I figured out what they wanted me to do for the CSV. So here is the part of the solution for anyone who will encounter this.

When you are generating your CSV file you need to create a new field that represents the number of microseconds since the EPOCH (some unix crap). Following code is .NET C#

DateTime my_ts = Convert.ToDateTime(fields[fields.Length - 2]);

Int64 unixTimestamp = (Int64)my_ts.Subtract(new DateTime(1970, 1, 1)).TotalMilliseconds * 1000;

fields[fields.Length - 2] = my_ts.ToString(“yyyy-MM-dd HH:mm:ss”);
fields[fields.Length - 1] = unixTimestamp.ToString();

The last 4 fields of my CSV look like this:

5b5a410690e25d8bb, 2, 2019-06-18 19:10:19, 1560885019000000

Select Cast(timestampadd(MICROSECOND, 1560885026000000, from_unixtime(0)) as DateTime); = 2019-06-18 11:10:26 THIS IS CORRECT.

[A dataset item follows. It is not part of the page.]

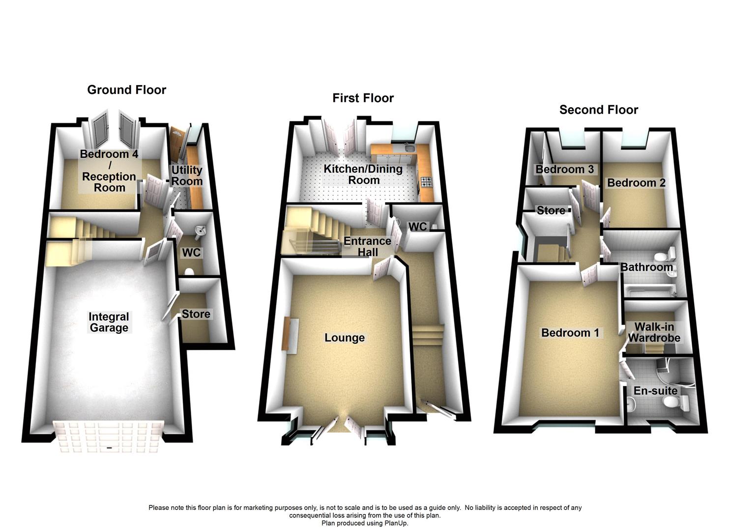 Internally the property is in excellent condition and offers a versatile layout which comprises of a first floor entrance hall with w/c, open plan kitchen / dining room and spacious first floor lounge. On the top floor there is three good sized bedrooms with master ensuite and walk-in wardrobe and fitted white bathroom suite. On the ground floor there is a fourth bedroom / reception room, utility room, w.c and integral garage.
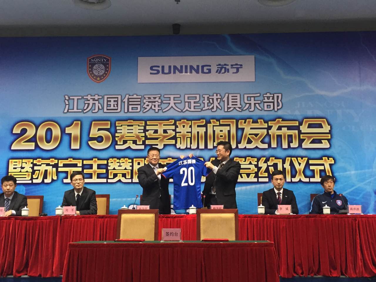 3月3日,從江蘇國信舜天足球俱樂部2015賽季新聞發(fā)布會傳出重磅消息:蘇寧正式簽約成為江蘇國信舜天足球俱樂部2015年的主贊助商,旗下快速發(fā)展的電子商務(wù)平臺蘇寧易購拿下了江蘇國信舜天球衣胸前廣告,雙方將在基礎(chǔ)贊助資金投入、商業(yè)運(yùn)營、球隊(duì)、粉絲文化建設(shè)、青訓(xùn)梯隊(duì)培養(yǎng)等領(lǐng)域開展全面合作。這是繼去年6月成為足球豪門巴塞羅那俱樂部中國區(qū)官方合作伙伴之后,蘇寧再度發(fā)力足球產(chǎn)業(yè)。

HOWEVER, in my SingleStore table’s my_ts field what should be ‘2019-06-18 11:10:26’ is actually ‘1969-12-31 16:00:00’ NOT GOOD

Here is part of my Pipeline code.

Create Pipeline etc …
.
@my_ts,
@my_ts_unix)
set my_ts = Cast(timestampadd(MICROSECOND, @my_ts_unix, from_unixtime(0)) as DateTime),
my_ts_unix = @my_ts_unix;

manoj · May 17, 2022, 12:07am

Just for fun I tried to use a UDF to see if this could work around any bug that I was encountering. No luck.

DELIMITER //

CREATE OR REPLACE FUNCTION ToDateTime (fromUnixTime LONG Not NULL) RETURNS DateTime AS

BEGIN

RETURN FROM_UNIXTIME(fromUnixTime/1000000);

END //

DELIMITER ;

MariaSilverhardt · May 23, 2022, 8:10pm

Hi Manoj! Awesome work! Looks like you solved this issue in your second to last post. If that’s the case, I’m going to mark this issue as resolved. Just want to check in and make sure with you.
Thanks

manoj · May 23, 2022, 8:29pm

This issue is still open and a real problem. It would be great if some over there can try to duplicate this simple use case.

manoj · May 23, 2022, 10:42pm

BTW - I am doing this on AZURE and not Amazon S3.

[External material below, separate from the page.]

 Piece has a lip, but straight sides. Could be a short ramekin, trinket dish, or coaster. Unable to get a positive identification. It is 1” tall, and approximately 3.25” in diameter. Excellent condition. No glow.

manoj · May 28, 2022, 2:20pm

The solution to this issue which I think is also a bit of a bug is to make sure the CSV string fed into the Pipeline is not UNICODE. I say a bit of a bug because if all the tables data types are of type TEXT then the Pipeline will work. However, if a Datetime is used then it will not work with UNICODE. My code below is the simple app code that I use to create a CSV string of the data I will be sending to the Pipeline.

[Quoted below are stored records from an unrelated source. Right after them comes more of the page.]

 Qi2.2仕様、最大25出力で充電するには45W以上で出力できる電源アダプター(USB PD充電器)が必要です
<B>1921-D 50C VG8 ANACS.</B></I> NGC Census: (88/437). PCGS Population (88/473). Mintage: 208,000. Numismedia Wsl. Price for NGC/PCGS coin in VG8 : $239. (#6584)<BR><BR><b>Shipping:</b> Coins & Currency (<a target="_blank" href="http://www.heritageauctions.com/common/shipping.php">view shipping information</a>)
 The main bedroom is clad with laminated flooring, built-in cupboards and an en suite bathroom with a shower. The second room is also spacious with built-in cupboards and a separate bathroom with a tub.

                BlobClient blob = container.GetBlobClient(blobName);

                var dataArray = System.Text.Encoding.Unicode.GetBytes(data);
                using (var stream = new MemoryStream(dataArray))
                {
                    stream.Position = 0;
                    Response<BlobContentInfo> response = blob.Upload(stream);
                }

*********************************** Change To ************************************

                BlobClient blob = container.GetBlobClient(blobName);

                var dataArray = System.Text.Encoding.ASCII.GetBytes(data);
                using (var stream = new MemoryStream(dataArray))
                {
                    stream.Position = 0;
                    Response<BlobContentInfo> response = blob.Upload(stream);
                }